What did OVH learn from 24-hour outage? Water and servers do not mix
Coolant leak crashed VNX array at web host's Paris data centre
An external water-cooling leak crashed a Dell EMC VNX array at an OVH data centre in Paris and put more than 50,000 websites out of action for 24 hours.
OVH is the world's third largest internet hosting company with 260,000 servers in 20 data centres in 17 countries hosting some 18 million web applications.
The failure took place around 7pm in OVH's P19 data centre on June 29. This was OVH's first data centre opened in 2003. It has since been surpassed in size by a Gravelines data centre, the largest in Europe, which has a 400,000-server capacity.
OVH has developed its own liquid cooling concept, which is used in the P19 facility.
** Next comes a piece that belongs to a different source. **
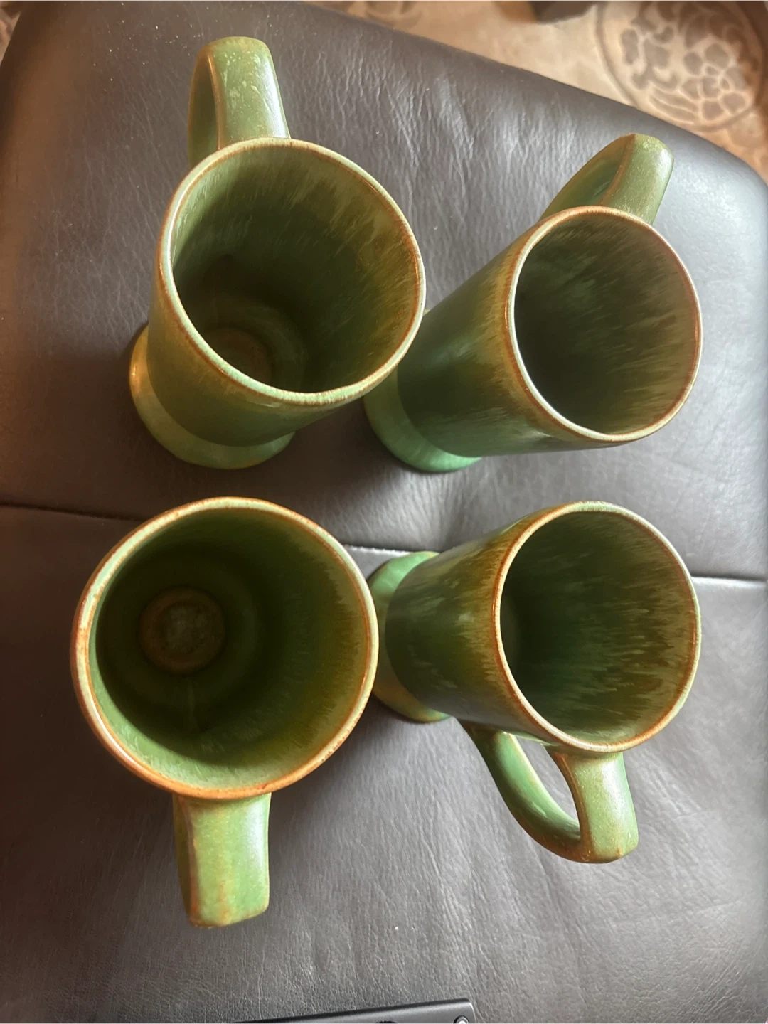 π₯ These four green ceramic mugs feature classic handles and a sturdy base. They appear to be made of stoneware, offering a rustic charm. They're perfect for enjoying your morning coffee or tea!

It has coolant circulating through the centre of server racks and other components to cool them down via component-level heat exchangers, hooked up to a top-of-rack water-block heat exchanger. The heated water is then cooled down by thermal exchange with ground water. This scheme saves electricity by avoiding the use of air conditioners.
OVH rack liquid cooling
According to the incident log, P19 has some gear in the basement, making cooling via outside air problematic, hence the water-cooling development.
OVH later bought several VNX 5400 arrays from EMC. The one in question had 96 SSDs in three chassis, 15 shelves of local disk, and the standard active-active pair of controllers. The host says: "This architecture is designed to ensure local availability of data and tolerate failures of both data controllers and disks."
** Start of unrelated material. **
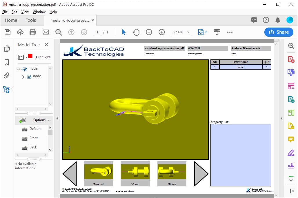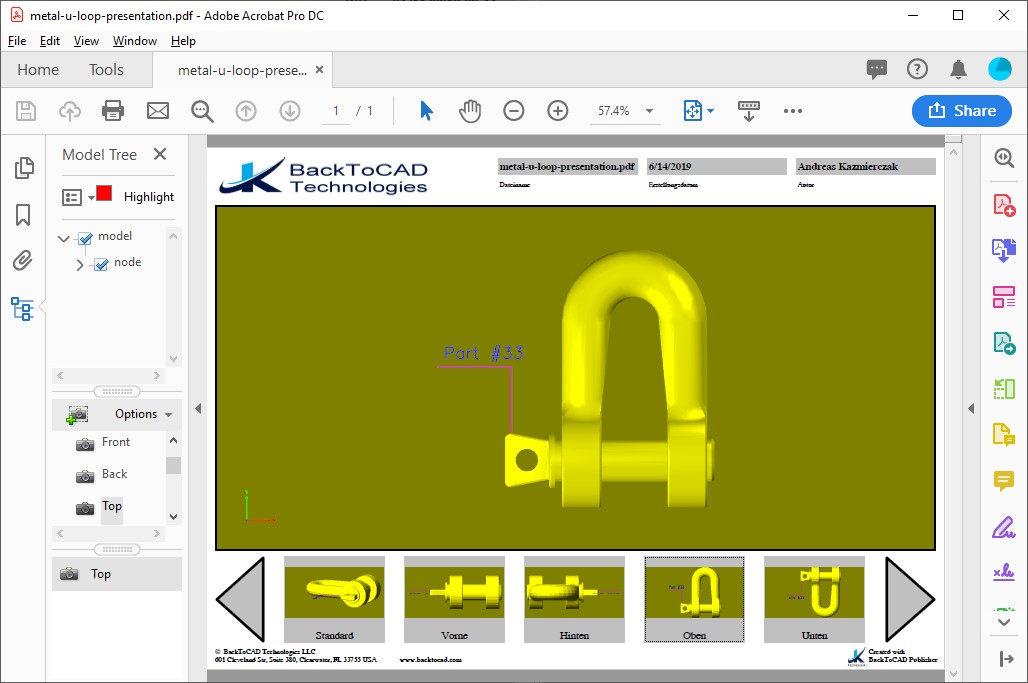 BackToCAD Publisher creates 3D PDF or PRC alternatively with Net Models or the B-Rep Models.

Since then it has developed the use of non-proprietary commodity arrays using Ceph and ZFS at Gravelines and is migrating off the proprietary gear. The affected array at Paris, one of two there, was not long for this world. The two were acting as database servers, providing the data of the dynamic pages of the hosted websites, information related to the users, and article text and comments in the case of a blog.
The incident account says: "At 6:48pm, Thursday, June 29, in Room 3 of the P19 datacenter, due to a crack on a soft plastic pipe in our water-cooling system, a coolant leak causes fluid to enter the system.
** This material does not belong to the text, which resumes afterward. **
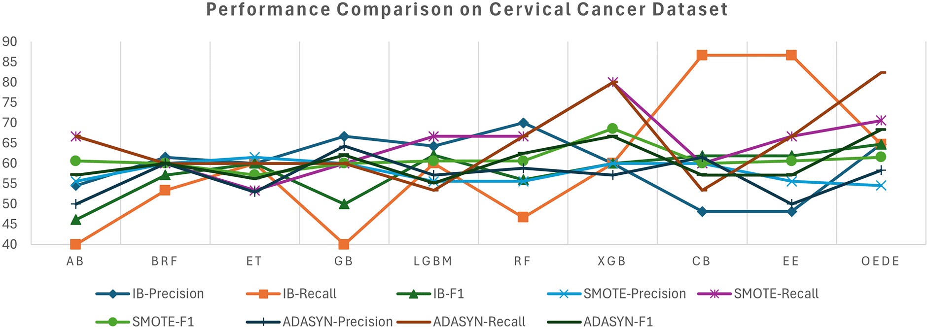The Cervical Cancer Risk dataset shows a significant difficulty owing to high-class imbalance, where high-risk cases are less than 7% of the dataset, which tends to affect the performance of the traditional model. On the imbalanced dataset, most baseline models, such as RF, ET, and CB, struggle with the minority class and show a low recall and F1-score, despite considerable accuracy, as shown in Table 6 and Figure 5. In contrast, OEDE is able to distinguish the minority class effectively owing to adaptive weighting, as reflected in the AUC and F1-score. Again, SMOTE improves the recall for all models, including OEDE, while maintaining competitive precision and achieving the highest AUC. For the ADASYN-balanced dataset, OEDE maintained high performance with the highest AUC and F1-score, supporting its resilience and generalizability.

"One of the two proprietary storage bays (racks) were not cooled by this method but were in close proximity. This had the direct consequence of the detection of an electrical fault leading to the complete shutdown of the bay."
OVH admits installing them in the same room as the water-cooled servers was a mistake. "We made a mistake in judgment, because we should have given these storage facilities a maximum level of protection, as is the case at all of our sites."
Fault on fault
Then the crisis was compounded by a fault in the audio warning system. Probes able to detect liquid in a rack broadcast an audio message across the data centre. But an update to add multi-language support had failed and the technicians were alerted to the leak late, arriving 11 minutes after it happened.
At 6:59pm they tried to restart the array. By 9:25 they hadn't succeeded and decided to carry on trying to restart the failed array (plan A) while (plan B) trying to restore its data to a second system using backups.
Dell EMC support was called at 8pm and eventually restarted the array but it stopped 20 minutes later when a safety mechanism was triggered. So the OVH techs decided to fetch a third VNX 5400 from a Roubaix site and transfer the failed machine's disk drives to this new chassis, using its power modules and controllers.
The system from Roubaix arrived at 4.30am with all the failed system's disks moved over by 6am. The system was fired up at 7am but, disaster, the data on the disks was still inaccessible. Dell EMC support was recontacted at 8am and an on-site visit arranged.
A daily backup was the resource used for Plan B, OVH noting: "This is a global infrastructure backup, carried out as part of our Business Recovery Plan, and not the snapshots of the databases that our customers have access to in their customer space.
"Restoring data does not only mean migrating backup data from cold storage to a free space of the shared hosting technical platform. It is about recreating the entire production environment."
This meant it was necessary, in order to restore the data, to:
- Find available space on existing servers at P19
- Migrate a complete environment of support services (VMs running the databases, with their operating systems, their specific packages and configuration)
- Migrate data to the new host infrastructure
This process had been tested in principle but not at a 50,000-website scale. A procedure was scripted and, at 3am the next day, VM cloning from a source template started.
At 9am, 20 per cent of the instances had been recovered. Hours passed and "at 23:40, the restoration of the [last] instance ends, and all users find a functional site, with the exception of a few users whose database was hosted on MySQL 5.1 instances and was restored under MySQL 5.5."
It was obvious that disaster recovery procedures for the affected array were inadequate and, in the circumstances, OVH's technical support staff did a heroic job but should not have had to.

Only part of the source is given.